И вдруг глаза Володи открылись. Светлый, непонимающий их взгляд остановился сначала на Вирджинии, потом на Николае, потом перешел на доктора. Затем глаза закрылись и снова открылись, и очень тихо, так что трудно было расслышать, Володя произнес:
– Я понимаю. Это Вирджиния и ты. Но кто же третий?
– Тебе лучше? – сказал Николай. – Третий – это доктор. Как ты себя чувствуешь?
– Я очень устал.
– Постарайся заснуть.
– Хорошо. До свиданья.
– До свиданья, – улыбнувшись в первый раз за все время, ответил Николай. И они вышли из комнаты Володи.
* * *
Свой первый визит после выздоровления Володя, еще не очень твердо державшийся на ногах, сделал Александру Александровичу.
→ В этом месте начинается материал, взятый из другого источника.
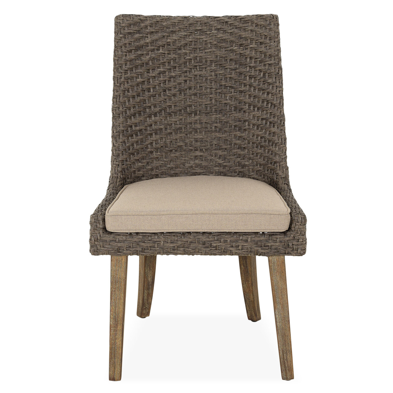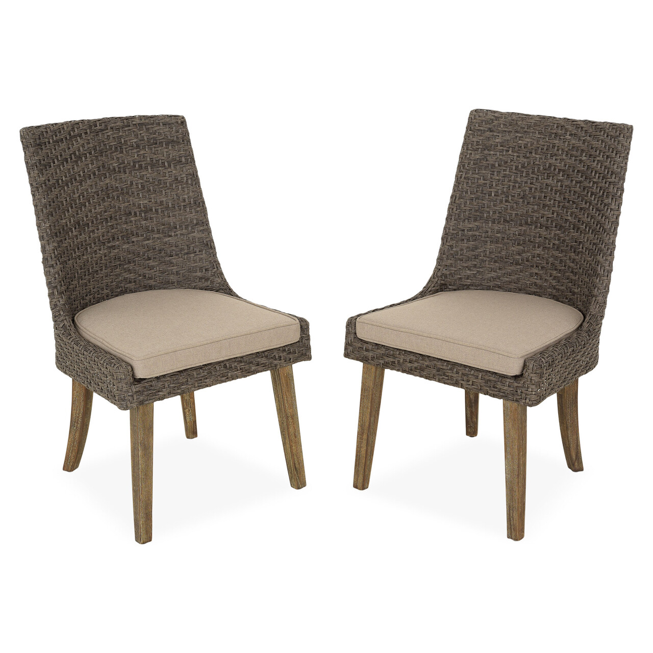 Set 2 scaune dining Yanet, aluminiu/lemn de teak, maro/bej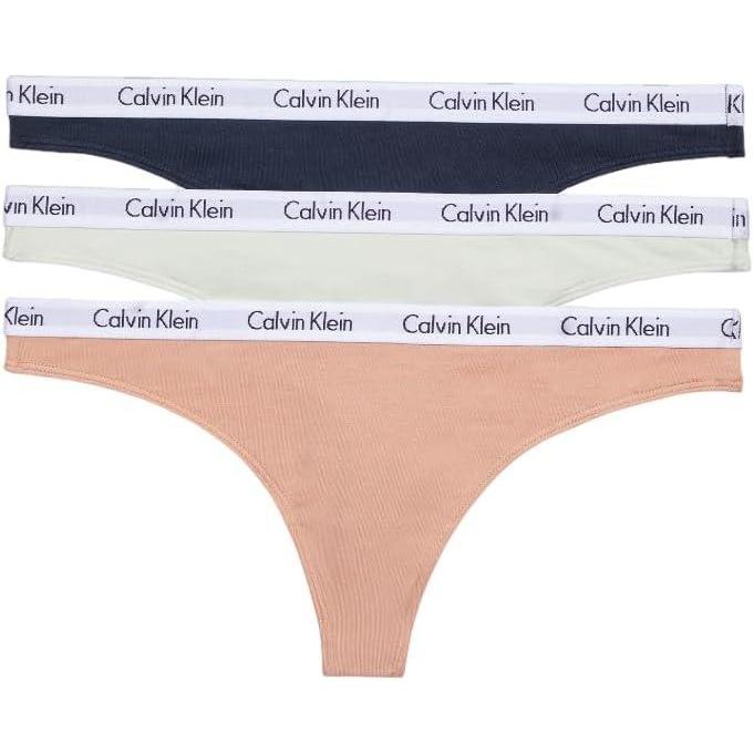 Calvin Klein Women’s Carousel Logo Cotton Stretch Thong Panties, 3 Pack(Iris Orchid/Vanilla Ice/Iceland Blue)

Это объяснялось тем, что в течение дня Володя ходил по комнатам и решение выйти на улицу принял лишь в половине двенадцатого вечера. Этому предшествовал разговор с Николаем.
– Я не виноват, что ты идиот, – кричал Николай. – Ну, куда тебя черт несет, на ночь глядя? Ну, признай же сам, что это чистейший идиотизм. Ты лежал три недели, как последняя собака, потом поднялся, и изволите видеть, monsieur намерен совершить ночную прогулку.
– Не кричи, Коля.
– Я не кричу, – мгновенно успокоившись, как всегда, сказал Николай. – Я только хочу тебе сказать, что ты поступаешь неправильно.
И когда Володя надел пальто, то рядом с ним оказался Николай – тоже в пальто и шляпе.